## Work to complete
No pictures should appear. The lines from the beginning of the listing through the one holding "Exclusive Berti 1895" must be reproduced exactly, and nothing more.

## Provided data

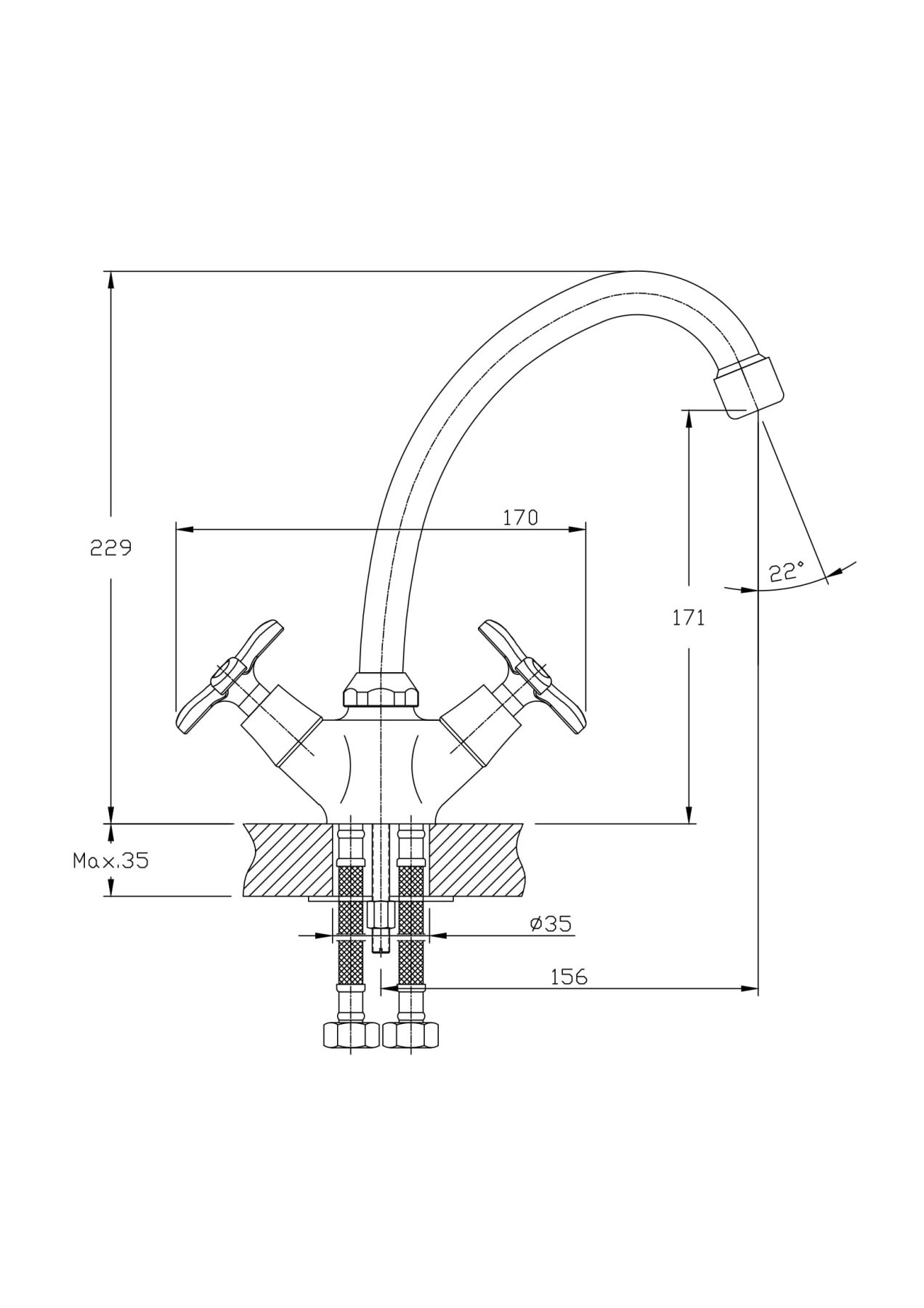Высота смесителя:22.9
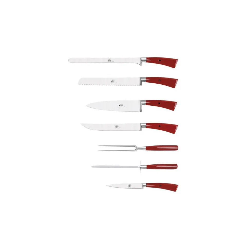 Exclusive Berti 1895 Cutlery Set. Preparation and service set, plexiglass, forged blade. Full handle, red.
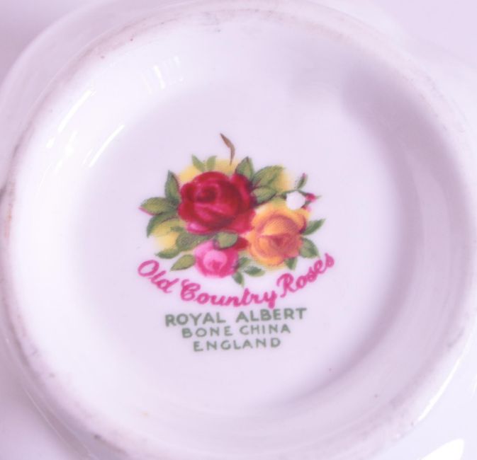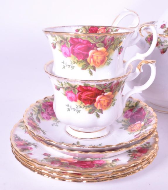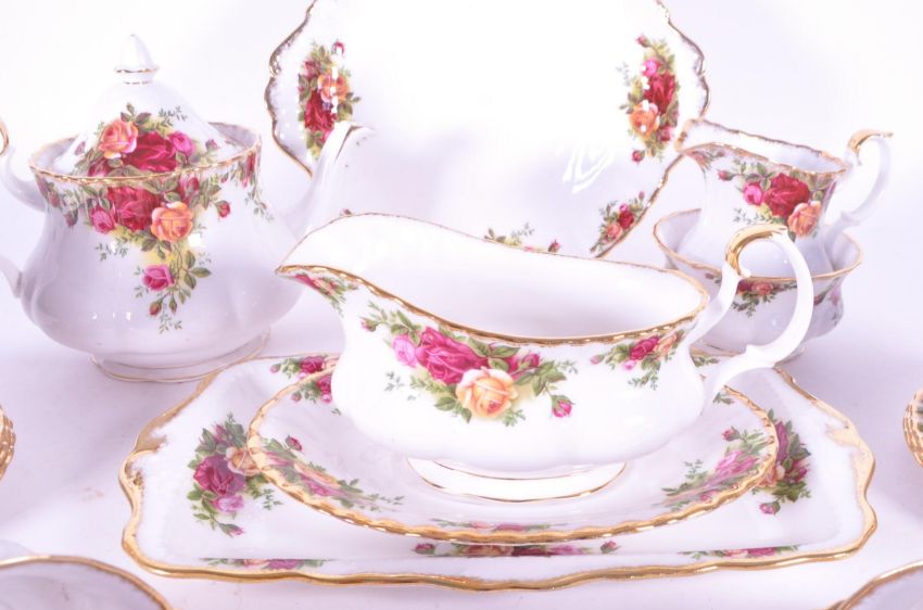 Royal Albert - Old Country Roses - A mid 20th century porcelain china pattern tea service. The collection to include a teapot, tea cups, saucers,small plates, gravy boat, tray, milk jug, and sugar bowl. Each featuring gilt detail and rose design, on white ground.

## Response to this task
Высота смесителя:22.9
 Exclusive Berti 1895 Cutlery Set. Preparation and service set, plexiglass, forged blade. Full handle, red.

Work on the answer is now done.